• Records supplied:
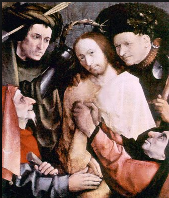
Коронавание терновым венцом(?)
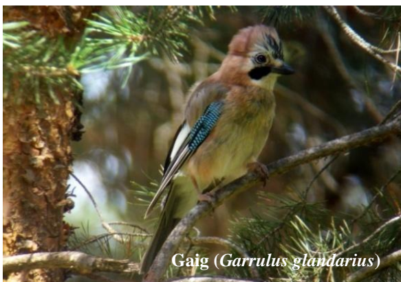
Gaig ( Garrulus glandarius )

Si decidim recórrer zones més obertes amb matolls, parats al damunt podem localitzar el bitxac comú ( Saxicola rubicola ), la cua-roja fumada ( Phoenicurus ochuros ), la còlbia vulgar ( Oenanthe oenanthe ) i la puput ( Upupa epops ); en canvi, picotejant per terra podem detectar la griva ( Turdus viscivorus ), la cogullada vulgar ( Galerida cristata ) i l'alosa ( Alauda arvensis ).
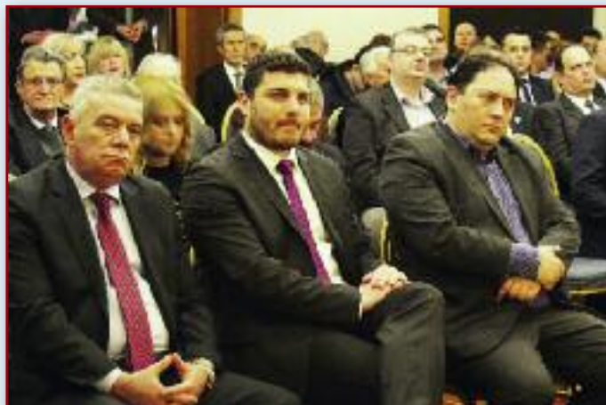
Ο Β Υπαρχηγός Αντιναύαρχος Λ.Σ. κ. Αθ. Ντούνης, οι Γ.Γ. ΥΕΝ κ. Δ. Τεμπονέρας και κ. Χ. Λαμπρίδης
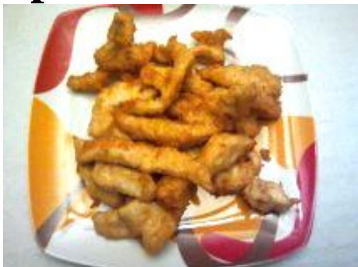
Lagrimitas de pollo 3€
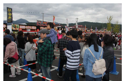
東根市 た～んとほおバルフェスタ
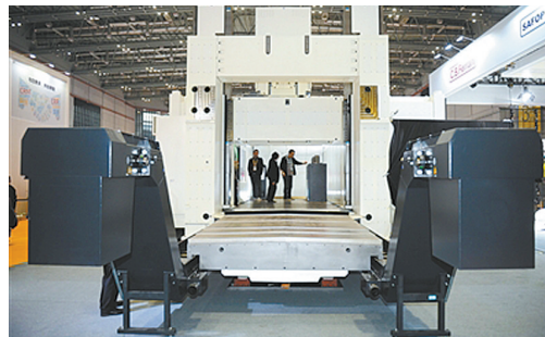
庞大的机床“金牛座”龙门铣
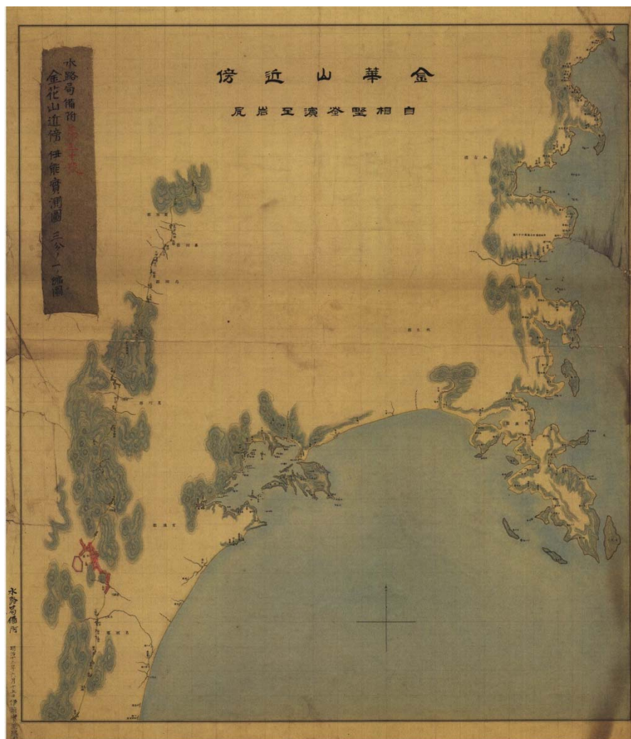
伊能図模写図「金華山近傍」
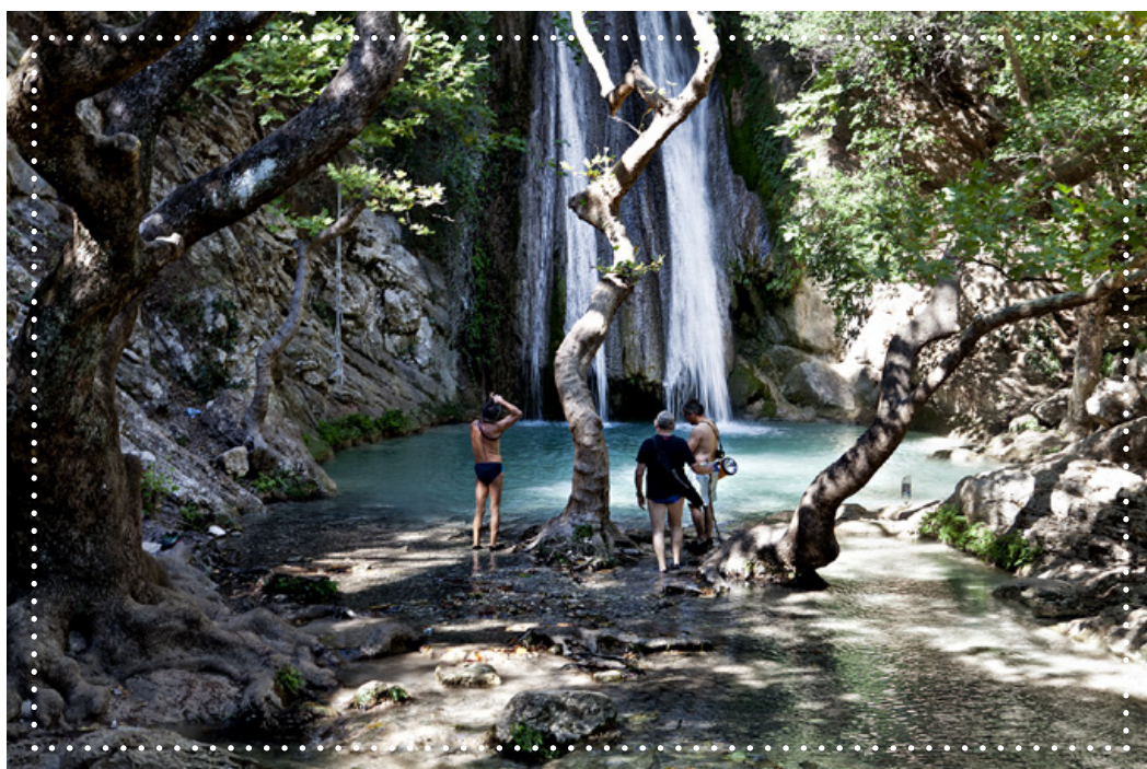
Ο πρώτος καταράκτης της Ευρυνόμης, με τη λιμνούλα όπου εθεωρείτο και η έδρα του Ιερού της θεάς. Ελάχιστοι μπορούν να αντισταθούν για μια βουτιά στα πεντακάθαρα νερά.

Ακριβώς στην έξοδό μας μια υπέροχη πινελιά αιωρούμενων κολεών, από βραχώδη γεφυρώματα, υπερίπταται από πάνω μας, ενώ το ποτάμι ρηχάινει και όλα ξαναπαίρνουν το ήμερο ύφος τους και ξανατύνονται με την εσάρπα του καθημερινού και του συνηθισμένου.
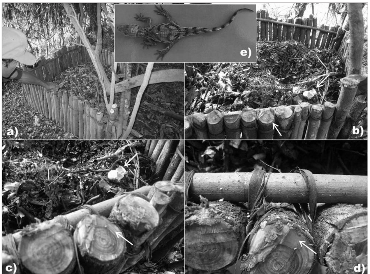
Figura 2. Imagens do ninho de Caiman crocodilus possivelmente predado por Saimiri sp. na comunidade Ilha do Carmo, Alenquer (PA): a) ninho no dia anterior à predação; b), c) ninho com indícios de predação; d) estaca do ninho com marcas de sangue e fragmentos de casca do ovo; e) recuperação de filhote de C. crocodilus após alguns dias do ferimento.
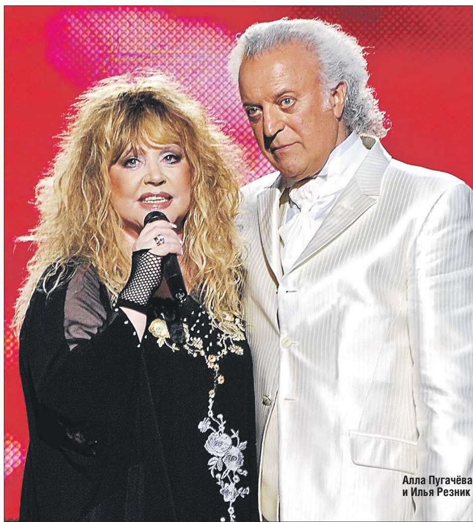
Алла Пугачёва и Илья Резник

— Я знаю Аллу с 1972 года, с песни «Посидим, попокаем». Начинать новую песню и думать: «Как бы Алла поступила в этой ситуации? Как бы она жила,
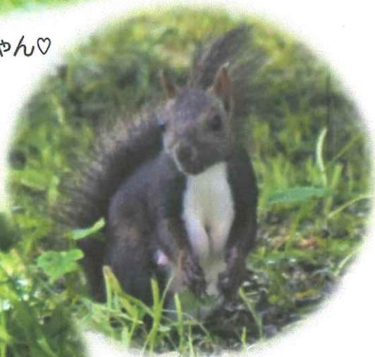
ママリスも元気そう♡
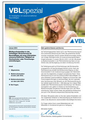
09a Mutterschutzzeiten Wissenschaftler Stand Januar 2013
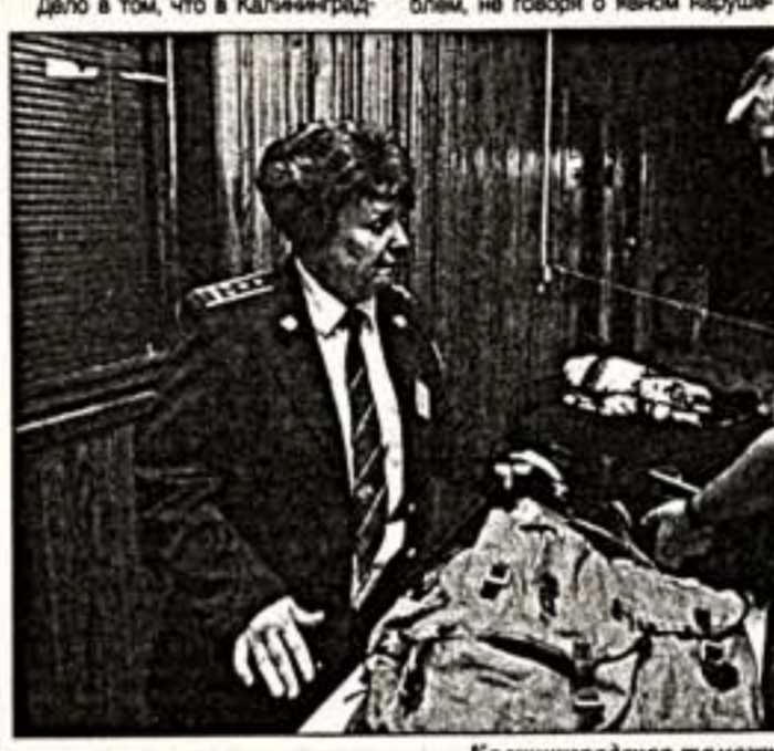
Калининградская таможенная работает в усиленном режиме

Два года назад заработала служба уполномоченного по Калининградской области, подчиняющегося территориальному управлению по сохранности культурных ценностей в Санкт-Петербурге.

• Your objective: Using the entries above, reproduce word for word only the lines from the one that contains "東根市 た～んとほおバルフェスタ" to the one that contains "Ο πρώτος καταράκτης", both ends included, and drop every picture.

• Result:
東根市 た～んとほおバルフェスタ
庞大的机床“金牛座”龙门铣
伊能図模写図「金華山近傍」
Ο πρώτος καταράκτης της Ευρυνόμης, με τη λιμνούλα όπου εθεωρείτο και η έδρα του Ιερού της θεάς. Ελάχιστοι μπορούν να αντισταθούν για μια βουτιά στα πεντακάθαρα νερά.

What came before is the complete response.